Yek hebû Yek tûnebû yani; “Bir varmış Bir yokmuş”… Masallarına aynı kelimelerle başlayan halkların yaşadığı ülkede günler tedirgin geçiyor. Birlikte yaşamın kolaylığına sırt dönmüş insanların dilinden kan ve savaş cümleleri damlıyor. Sürekli bölünme kaygıları hainlik suçlamaları, ölümler ve ölümler…
Birlikte var olmanın koşulları üzerine hayal kuramaz oluyoruz biz de zamanla. Ve bunun aslında bir çırpıda ve kolayca nasıl var olabildiğini bir arkadaşım vasıtasıyla tekrar görebiliyorum. Söz konusu kapıyı açan Bolivya anayasası ise şöyle başlıyor;
“Evvel zaman içinde, dağlar yükseldi, ırmaklar yatağını buldu, göller oluştu.
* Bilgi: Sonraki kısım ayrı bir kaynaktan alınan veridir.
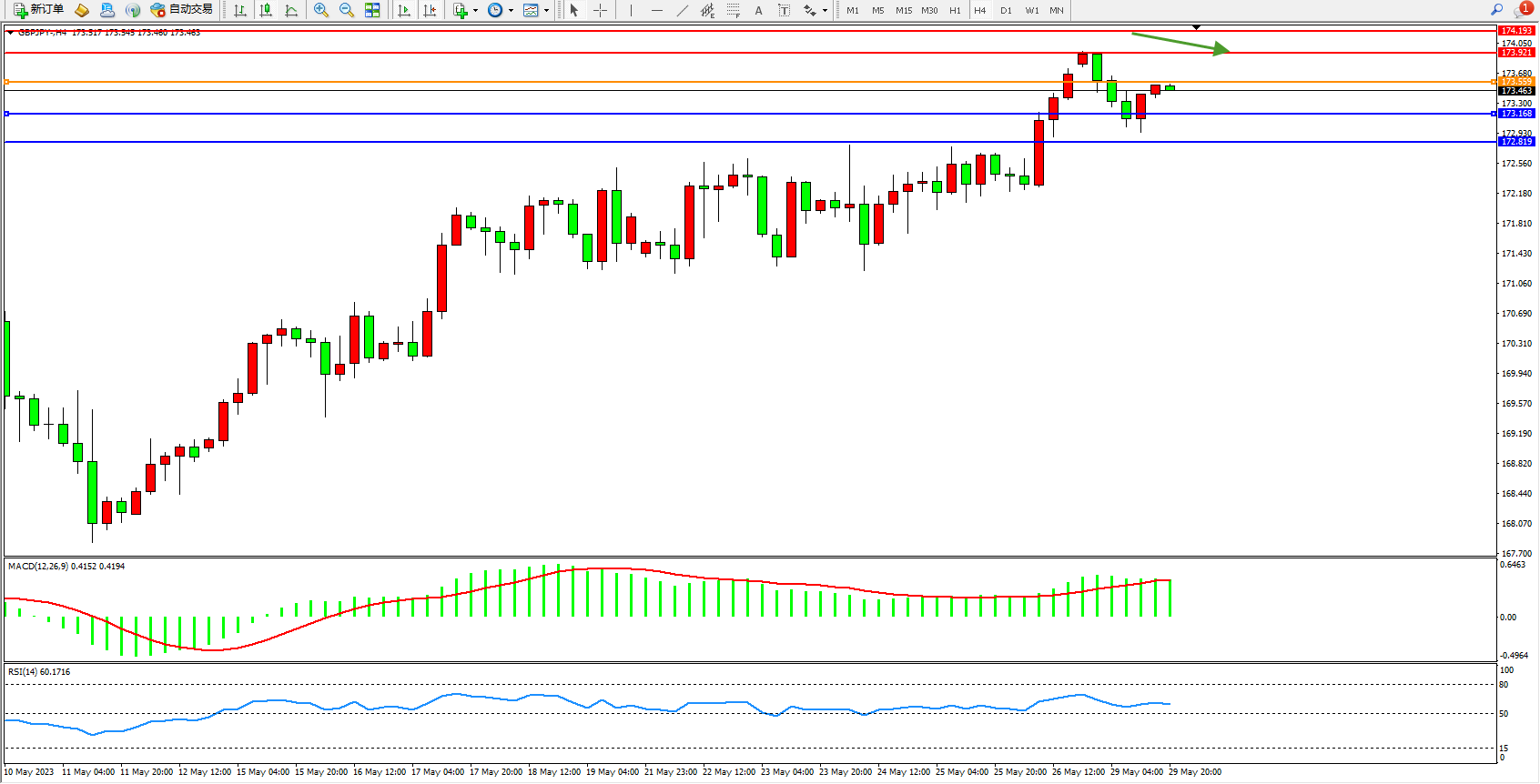 阻力位:173.921 174.193

Amazon bölgemiz, Chaco’muz, platomuz, yaylalarımız, ovalarımız yeşilliklerle ve çiçeklerle kaplandı. Bu kutsal Toprak Ana’yı çeşitli yüzlerle donattık ve o günden bu yana, her şeyin çoğulluğunu ve varlık ve kültürler olarak çeşitliliğimizi taşıyoruz. Halklarımız böylece mutluluk içindeydi ve uğursuz sömürgecilik günlerine dek ırkçılığı asla bilmedik.”
Anayasa ülkede kullanılan 36 dili ülkenin ana dili olarak tanımlamış ve her yerel yönetimin bu dillerden en az ikisinin bilmesini zorunlu kılmış.
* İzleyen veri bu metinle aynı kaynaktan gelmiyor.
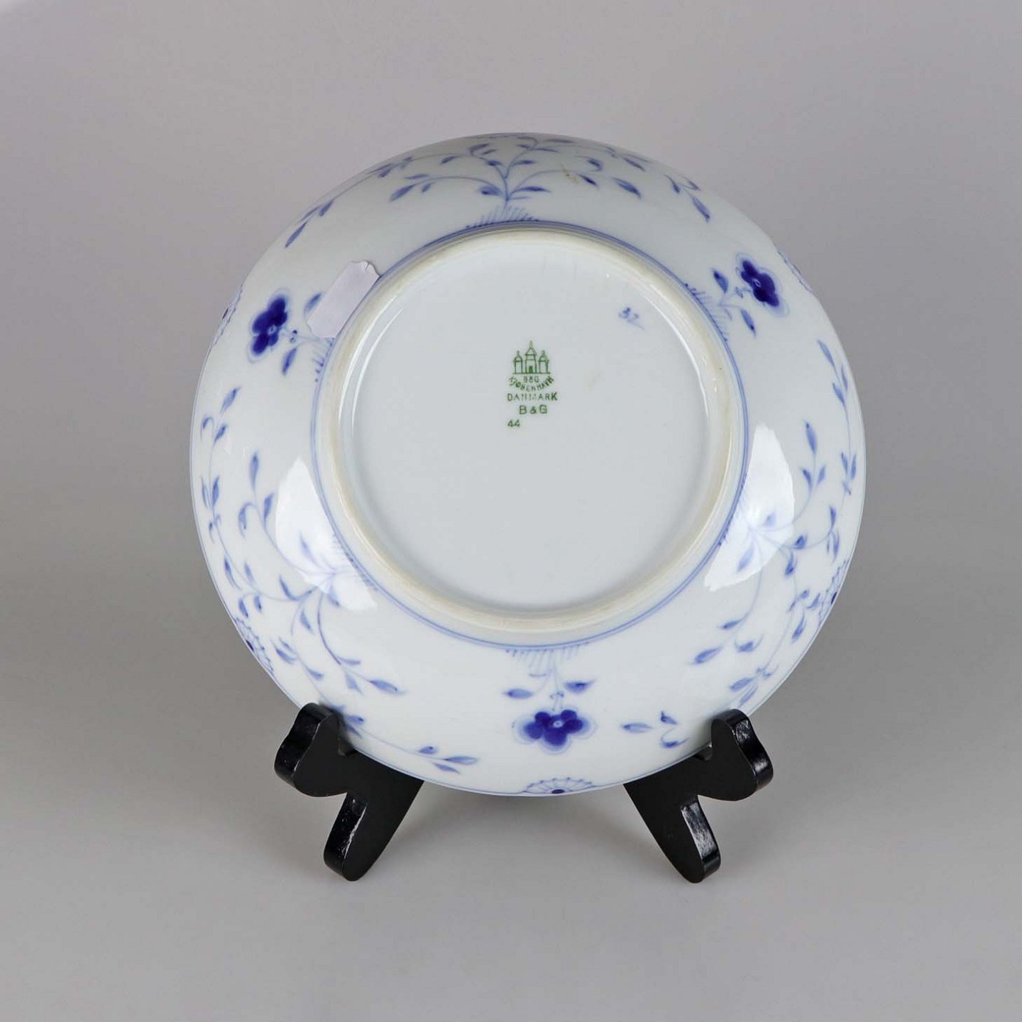 Skål i hvidt skælformet porcelæn med blå motiver af blomster og sommerfugle.

(Ayrıntılar için bknz: http://www.birgun.net/forum_index.php?news_code=1254915843&year=2009&month=10&day=07)
Anadilde eğitim için kopan kavgaları ve söylenenlerin hafızasını yokluyorum ve tekrar utanıyorum. Uçakta yanıma bir teyze oturuyor, kara halime bakıp, omzuma dayanıyor, nerelisin diyor, ama ben anlamıyorum ve bir kez daha utanıyorum. Eşi Kürtçe bilmediğimi görünce tekrarlıyor soruyu… Kadın bir süre önce yüz felci geçirmiş ve gözünde hasar kalmış bunun için hastaneye gidiyorlar. Ankara’da doktor ile kadının iletişimini kocası sağlayacak zira yok sayılan bir dille iletişim kuramaz doktor. Kocası eşine oldukça duyarlı görünüyor, kolundan ayrılmıyor ama ya tersi durumlar! Sıdıka Platin’in ifadesine çevirmenlik yapan, onu ölümüne sebep verecek kadar şiddet uygulayan kocasıydı. Nasıl bir zihniyetse var olan, bir kadına eziyet eden adamı adalet için aracı kılmaktan vicdanı sızlamıyordu.
Bunun gibi onlarca örnek her gün kendini yeniden var ediyor. “Bir dil bir insan iki dil iki insan” deyişi sadece CVlere yazılan diller için geçerli, birlikte yaşadığımız insanlarla kuramadığımız iletişim kimsenin derdi değil. Öylesine kibirli ve gururluyuz ki tenezül bile etmiyoruz.
Oysa zor addettiğimiz bazı şeyler sanılandan daha kolay olabiliyor, zihinlerimizi saran kırmızı çizgileri bir kenara koyup yeniden bir barış hayal etmemiz gerekiyor..
Bir varmış bir yokmuş, evvel zaman içinde kalbur zaman içinde diyarın birinde iyinin kötü kötünün iyi, akın kara, karanın ak olduğu günler yaşanırmış. İnsanların içindeki kasvet gökleri sarmış,gökler öyle kararmış ki güneşe geçit vermez olmuş. Günler günleri kovalamış, akrep yelkovanı kovalamış derken çok karanlık günlerin ardından bu verimli topraklarda yeniden güneş doğmuş, mutluluk gönüllerdeki kasvetin yerine yerleşmiş…Artık bu topraklarda çocuklar ninelerinden ve dedelerinden savaş ve korku değil, barış masalları dinler olmuşlar, eee bu güzel çocuklar ermiş muradına biz çıkalım kerevetine, gökten üç elma düşmüş biri sana biri bana biride barıştan yana taraf olan güzel bir insana!